GABY ROSSOTTO
Argentina, descobriu através do diagnóstico do seu filho, a própria dislexia. Entendeu então sua vida. Criativa se tornou designer gráfica e depois se especializou em retratos, especialmente na fotografia infantil, de recém-nascidos e de gestantes, motivada por experiências pessoais, como a maternidade, que abriram nela uma sensibilidade para capturar momentos breves e muito expressivos. Em seu trabalho, ela insiste não apenas no rigor técnico, mas também no cuidado com o ambiente emocional: sessões longas, adaptação ao ritmo do bebê, uso de sons relaxantes, contenção e atenção à segurança e bem-estar dos pequenos.
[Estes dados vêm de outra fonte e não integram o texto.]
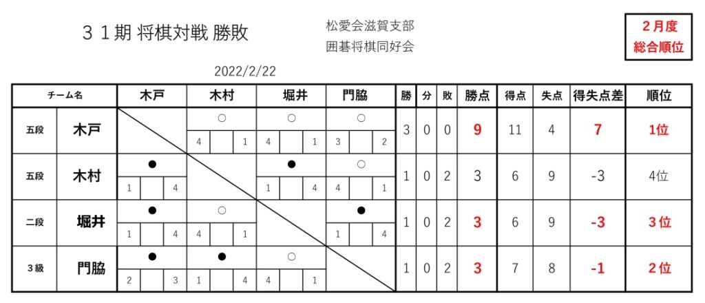 ◆将棋の部 第31期 対戦勝敗表 (2022年2月)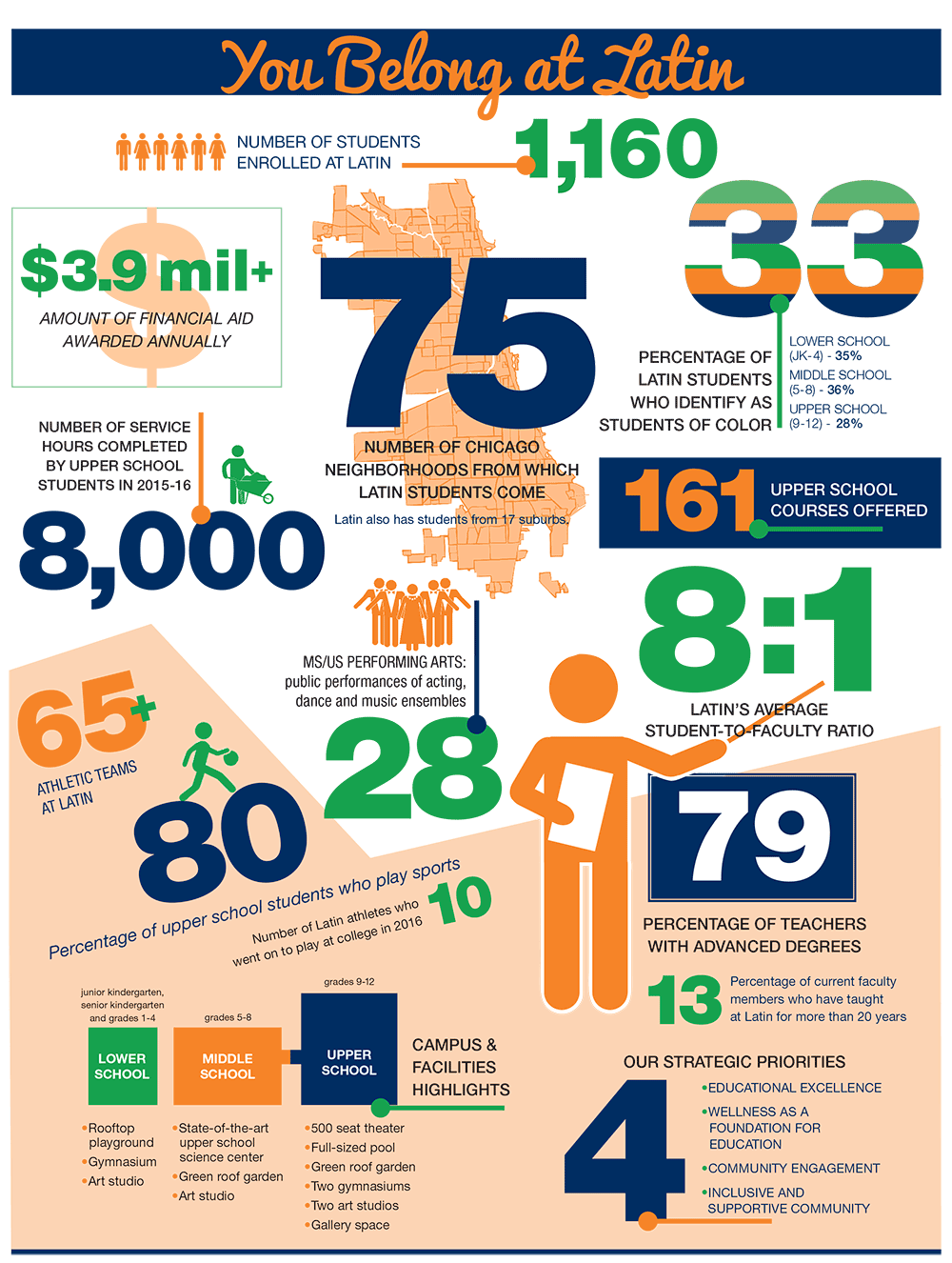 作为芝加哥地区第一所独立学校,芝加哥拉丁学校在其130年的历史中,始终保持着芝加哥中小学教育的领先地位,各种有关学校的报道在各大报刊上屡见不鲜。学校不仅满足于学生学习成绩的提高,还深入设立了艺术、历史、社会救助等一批综合性项目,旨在培养社会精英人才。学校拥有一流的校园,聘用了著名的设计师进行设计。例如,高中教学楼是由国际著名设计师哈里·韦斯建造的;其互动科学体验馆荣获2012年美国大学优秀设计奖。建校以来,学校一直保持着一流的学习水平。每年都有不少学生被哈佛大学、普林斯顿大学、耶鲁大学、西北大学、芝加哥大学等名校录取。毕业生校友广泛,有前美国第一夫人,联邦终身大法官,著名艺术家等等。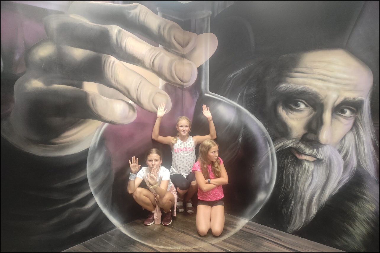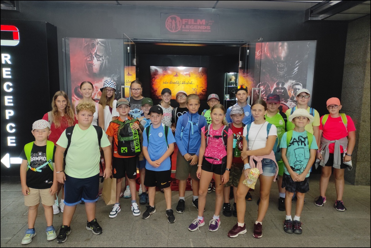 Výlet do Prahy začal po příjezdu poněkud rozpačitě, jelikož v muzeu filmu došlo ke ztrátě naší rezervace. Navštívili jsme tedy muzeum filmových legend, které se nacházelo kousek od Václavského náměstí. I tento improvizovaný program děti zaujal. Mohly se zde setkat s různými postavami od Marvel, komiksů, filmovým postavami z filmů jako Harry Potter, Star Wars, Pan prstenů, Terminátor a spoustu dalších. Jelikož jsme měli před obědem ještě chvíli čas, zašli jsme se podívat na Staroměstské náměstí. Bylo chvíli před 12 hodinou, takže jsme při odbíjení měli možnost vidět orloj v celé své kráse. Po obědě jsme se přesunuli do muzea fantastických iluzí. Zábava s optickými klamy byla opravdu ohromná. Děti si zde udělaly spoustu zajímavých fotek díky speciálním malbám na stěnách i na zemi. Na závěr jsme se trochu ochladili zmrzlinou v Hradci při čekání na vlak domů. Náročný a teplý den jsme nakonec zvládli a už nás čekal jen páteční odpočinek na koupališti.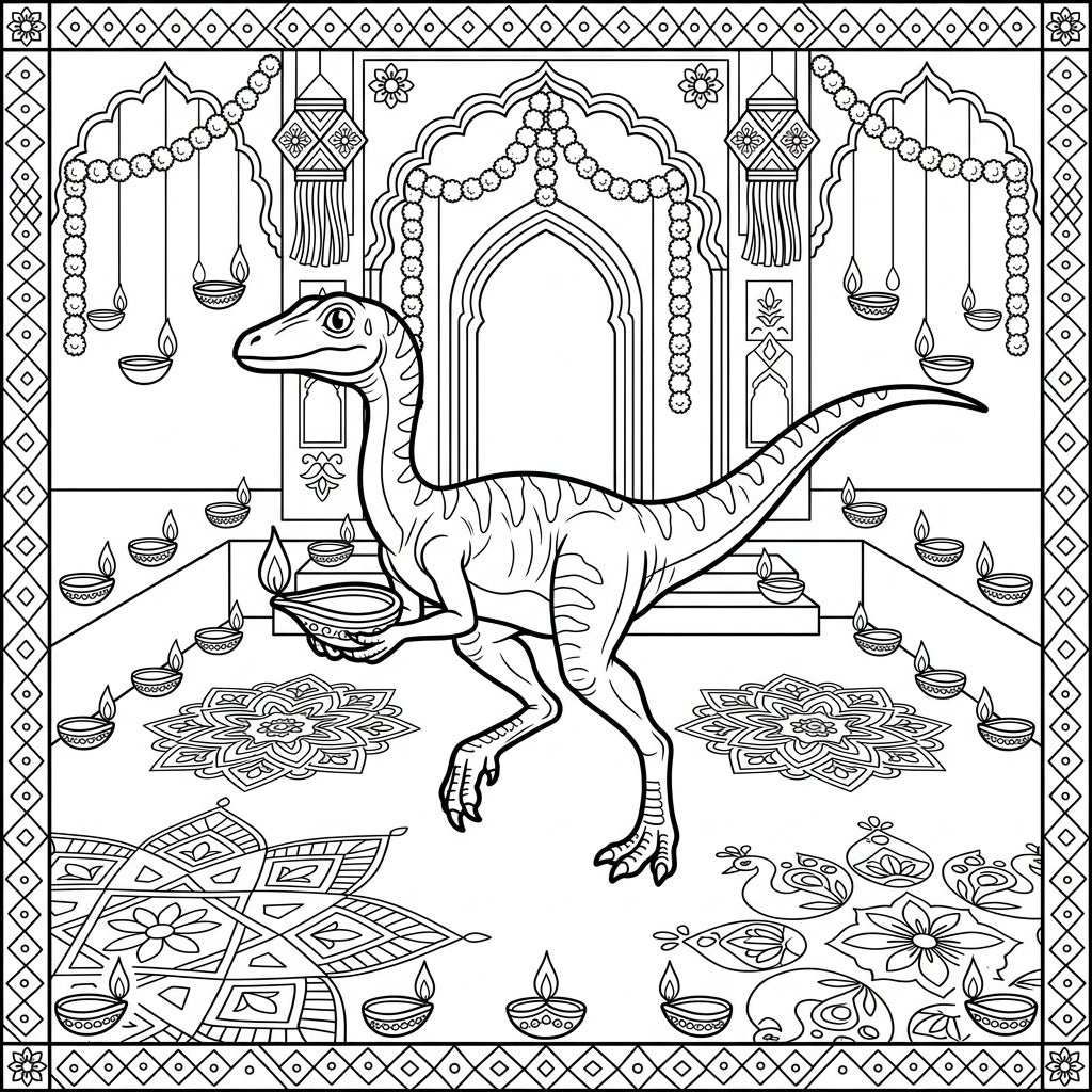 Embark on an extraordinary coloring adventure featuring a nimble Compsognathus dinosaur, a fascinating creature from the Jurassic period, celebrating the joyous festival of Diwali. This intricately designed coloring page showcases our dinosaur friend standing proudly amidst a beautifully decorated setting, holding a traditional diya lamp, ready to illuminate the festivities. The background is adorned with ornate Indian arches, flowing garlands of beads, and charming hanging lanterns, all creating a rich and immersive scene.

Para ela a dislexia faz com se decodifique e veja o mundo de forma diferente.
@GABRIELAROSSOTTO

2024
NÓS
As imagens de Gabriela Rossotto trazem uma representação regida por uma fantasia caracterizada por uma interpretação do mundo considerado real pautada pela busca de atmosferas em que é possível encontrar desde relações com oníricas dimensões surrealistas a expressões visuais caracterizadas por um intenso lirismo e uma devoção à natureza e ao lirismo e à pureza da infância.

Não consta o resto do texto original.